Medius - BindingsStreams

Streams

Consume live input and device logs

The box has two live channels: physical input it forwards to the PC (Catch) and its own log lines (Logs & counters). Subscribe to each with a method on an open Device, then pull items off the returned stream. What an event means lives on those pages; this page covers reading them in Python.

  physical mouse / keyboard
            │   (also forwarded to the game PC)
            ▼
   ┌─────────────────┐                         ┌─────────────┐
   │   medius box    │  catch_events(mask)   ─▶│ EventStream │ ─▶ recv() ─▶ CatchEvent
   │                 │                         ├─────────────┤
   │                 │  logs()               ─▶│  LogStream  │ ─▶ recv() ─▶ LogLine
   └─────────────────┘                         └─────────────┘

Both streams are context managers and iterable. Use with so the subscription is released on exit, and for item in stream: to drain it until the link drops.

Subscribe

Open a stream from a Device

Both calls live on the Device. They send a subscribe request to the box and hand back a stream object.

CallReturnsChannel
dev.catch_events(mask=CatchMask.ALL)EventStreamphysical mouse / key / media events (see Catch)
dev.logs()LogStreamdevice log lines (see Logs & counters)

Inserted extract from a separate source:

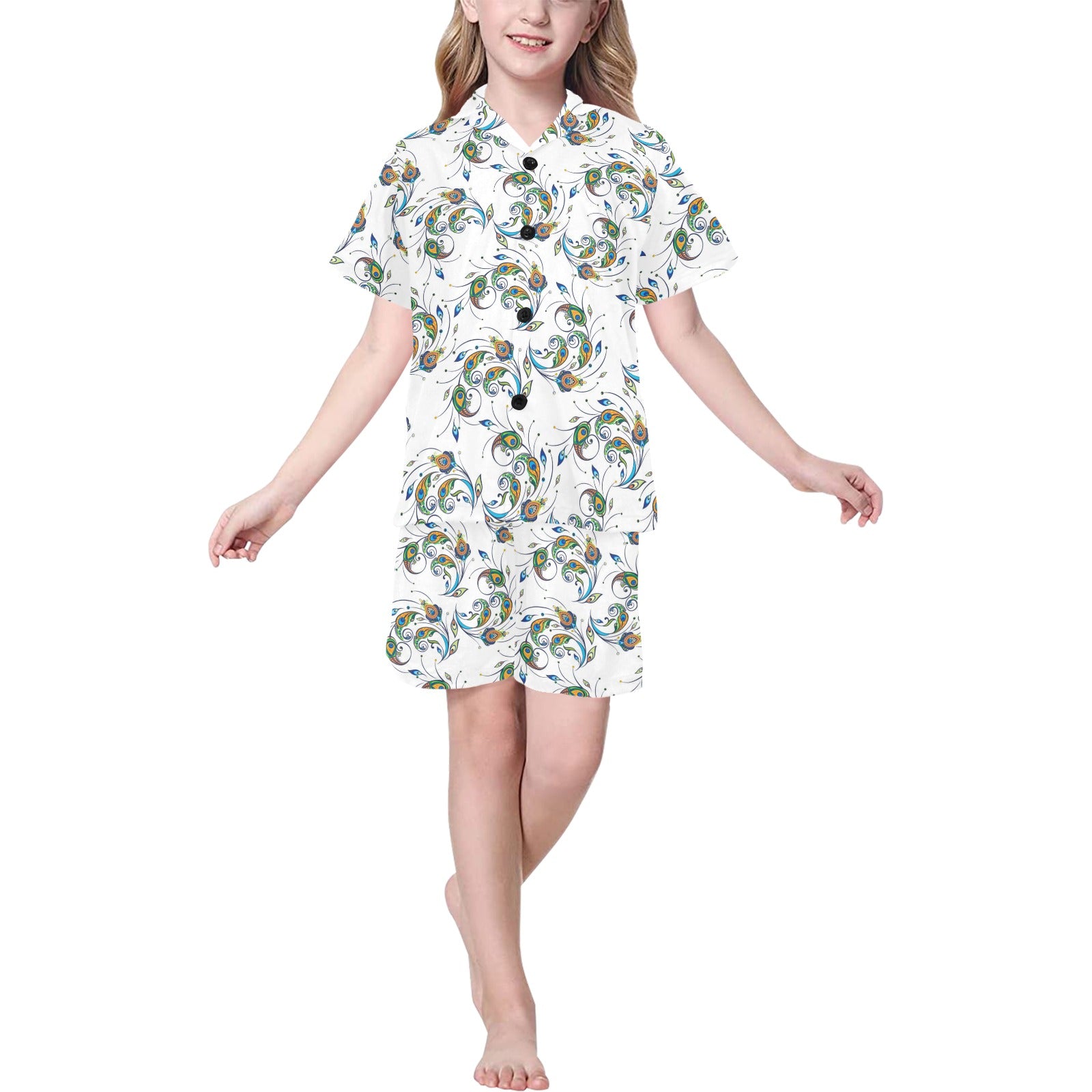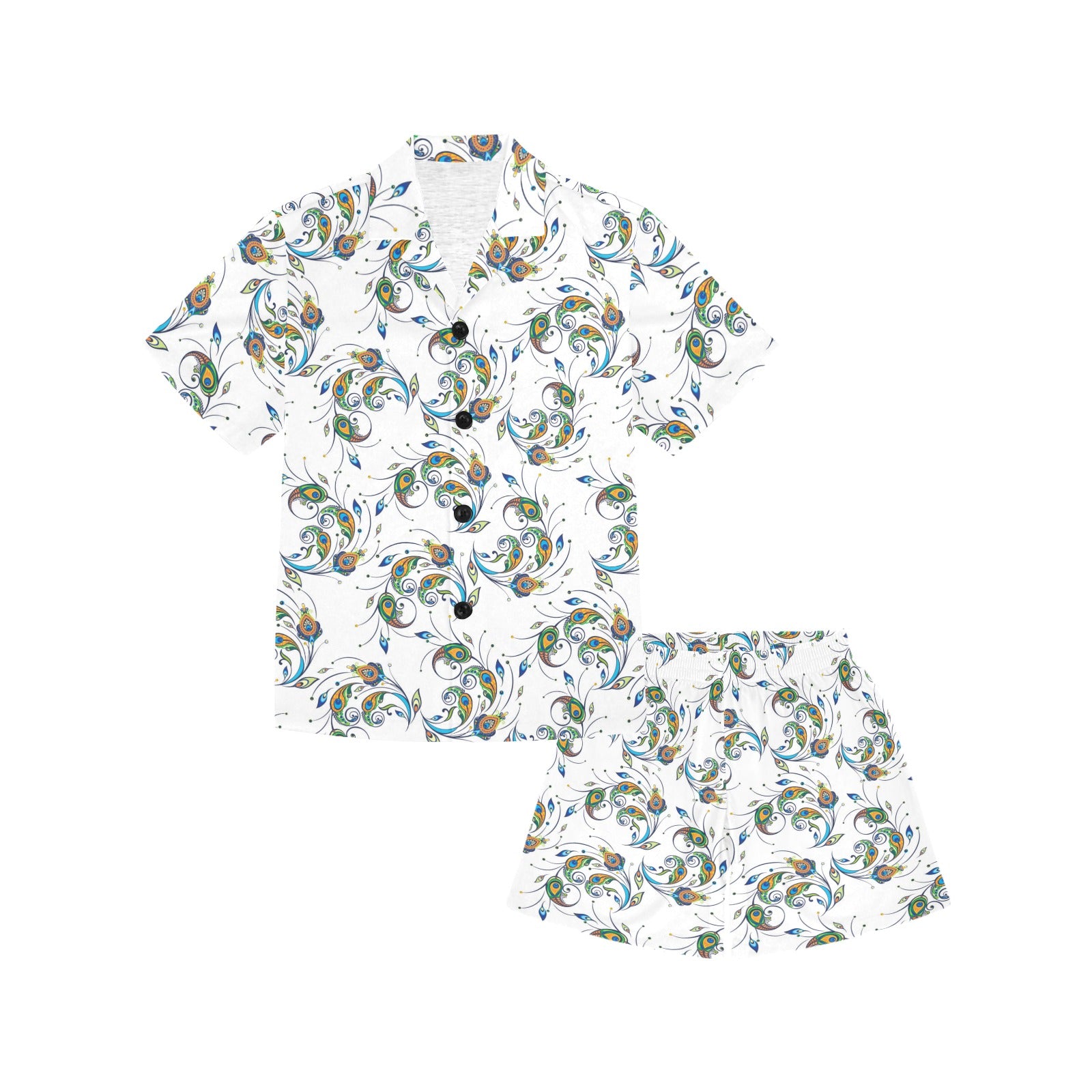 Peacock feather pattern Kids' Boys' Girls' V-Neck Short Pajama Set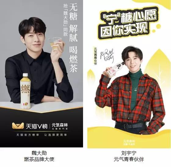 19年,元气森林更是签下魏大勋作为燃茶品牌大使,小鲜肉刘宇宁手持苏打气泡水成为了品牌元气青春伙伴,利用粉丝效应持续破圈,开启另一爆品的打造。

mask is a CatchMask, an IntFlag, so OR the categories you want (CatchMask.MOTION | CatchMask.BUTTONS). It defaults to ALL.

CatchMask memberValueSelects
CatchMask.MOTION1cursor movement (dx / dy)
CatchMask.WHEEL2wheel ticks
CatchMask.BUTTONS4mouse buttons
CatchMask.KEYS8keyboard keys
CatchMask.MEDIA16media keys
CatchMask.ALL31every category (the default)

Exactly what each bit selects is on Catch.

Receive

Block, poll, time out, or iterate

Four read methods (recv, try_recv, recv_timeout, iterate) are on both streams, plus clone() and close() for lifecycle. The table shows EventStream (yielding CatchEvent); LogStream is identical with LogLine in place of CatchEvent.

MethodReturnsBehaviour
recv()CatchEventBlocks for the next item. Raises DisconnectedError when the link drops.
try_recv()Optional[CatchEvent]Returns immediately; None if nothing is queued.
recv_timeout(ms)Optional[CatchEvent]Waits up to ms milliseconds; None on timeout.
for ev in stream:yields each itemLoops on recv(); ends cleanly when the link drops (no exception).
clone()EventStreamA second handle to the same subscription; the queue is shared.
close() / with stream:noneRelease the subscription. Automatic on with exit and GC.

Event objects

What recv() hands back

A CatchEvent carries a kind and one payload. Read the payload by kind, or use the typed accessors that return None for the wrong kind. Every object here is a dataclass.

CatchEvent
 ├─ kind : CatchEventKind             (MOTION = 0 · USAGES = 1)
 ├─ payload : MotionEvent | UsageSnapshot
 ├─ .motion  → MotionEvent | None     (None unless kind == MOTION)
 └─ .usages  → UsageSnapshot | None   (None unless kind == USAGES)
PayloadFieldsHeld test
MotionEventdx: int, dy: int, dz: int (the relative deltas at the merge point)none
UsageSnapshotusages: List[Usage] (buttons, keys, and media, one shape)is_held(usage): the built Usage is in the snapshot
LogLinelevel: LogLevel, text: strnone

Field meanings and the full type tables are on Types & errors. Held usage ids come from the HID usage tables.

EventStream has a dropped property (an int): events the box queued that you didn't recv() fast enough, so the queue shed them. Read it to tell when you fell behind. LogStream has no such counter.

Consume loop

Subscribe, iterate, react
from medius import Device, CatchMask, CatchEventKind, Usage, Button

with Device.find() as dev:
    with dev.catch_events(CatchMask.MOTION | CatchMask.BUTTONS) as events:
        for ev in events:                      # ends when the link drops
            if ev.kind == CatchEventKind.MOTION:
                m = ev.motion
                print(f"moved {m.dx},{m.dy}  wheel {m.dz}")
            elif ev.kind == CatchEventKind.USAGES:
                if ev.usages.is_held(Usage.button(Button.LEFT)):
                    print("left held")
            if events.dropped:
                print("fell behind:", events.dropped, "dropped")
NON-BLOCKING POLL
events = dev.catch_events()
while running:
    ev = events.recv_timeout(50)   # wake every 50 ms to do other work
    if ev is None:
        continue
    handle(ev)

No async

Build it on the timeout / non-blocking reads

The streams are synchronous. There are no async def or await methods. To feed an event loop, drive it yourself: run recv_timeout(ms) or try_recv() on a worker thread (or in run_in_executor) and hand items to your loop. The pattern is the same in every binding; see Async.